ACTION ITEM: What is needed here is an exact repetition of the records below, beginning at the line that has "技嘉(GIGABYTE)H610M K DDR4主板支持CPU12代酷睿12400F(Intel" and stopping after the line that has "You can download".

DATASET EXTRACT:
============================================================

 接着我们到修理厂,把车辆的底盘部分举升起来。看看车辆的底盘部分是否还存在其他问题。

============================================================

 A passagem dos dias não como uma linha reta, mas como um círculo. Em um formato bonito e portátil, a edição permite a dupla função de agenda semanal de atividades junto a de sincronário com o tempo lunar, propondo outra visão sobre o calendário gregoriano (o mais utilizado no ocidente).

============================================================

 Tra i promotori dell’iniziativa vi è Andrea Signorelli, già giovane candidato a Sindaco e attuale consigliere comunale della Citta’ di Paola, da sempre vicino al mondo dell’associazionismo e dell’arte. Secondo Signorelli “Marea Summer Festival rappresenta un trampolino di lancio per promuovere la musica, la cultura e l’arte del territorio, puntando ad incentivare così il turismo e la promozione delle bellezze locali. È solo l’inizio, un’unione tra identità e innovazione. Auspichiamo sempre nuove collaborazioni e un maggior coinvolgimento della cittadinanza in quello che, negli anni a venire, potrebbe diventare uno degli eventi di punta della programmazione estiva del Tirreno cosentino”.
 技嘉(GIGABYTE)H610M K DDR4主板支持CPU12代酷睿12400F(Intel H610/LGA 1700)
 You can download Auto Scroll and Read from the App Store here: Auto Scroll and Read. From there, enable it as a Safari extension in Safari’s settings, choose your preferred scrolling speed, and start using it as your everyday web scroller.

============================================================

ANSWER TO THIS PROBLEM:
 技嘉(GIGABYTE)H610M K DDR4主板支持CPU12代酷睿12400F(Intel H610/LGA 1700)
 You can download Auto Scroll and Read from the App Store here: Auto Scroll and Read. From there, enable it as a Safari extension in Safari’s settings, choose your preferred scrolling speed, and start using it as your everyday web scroller.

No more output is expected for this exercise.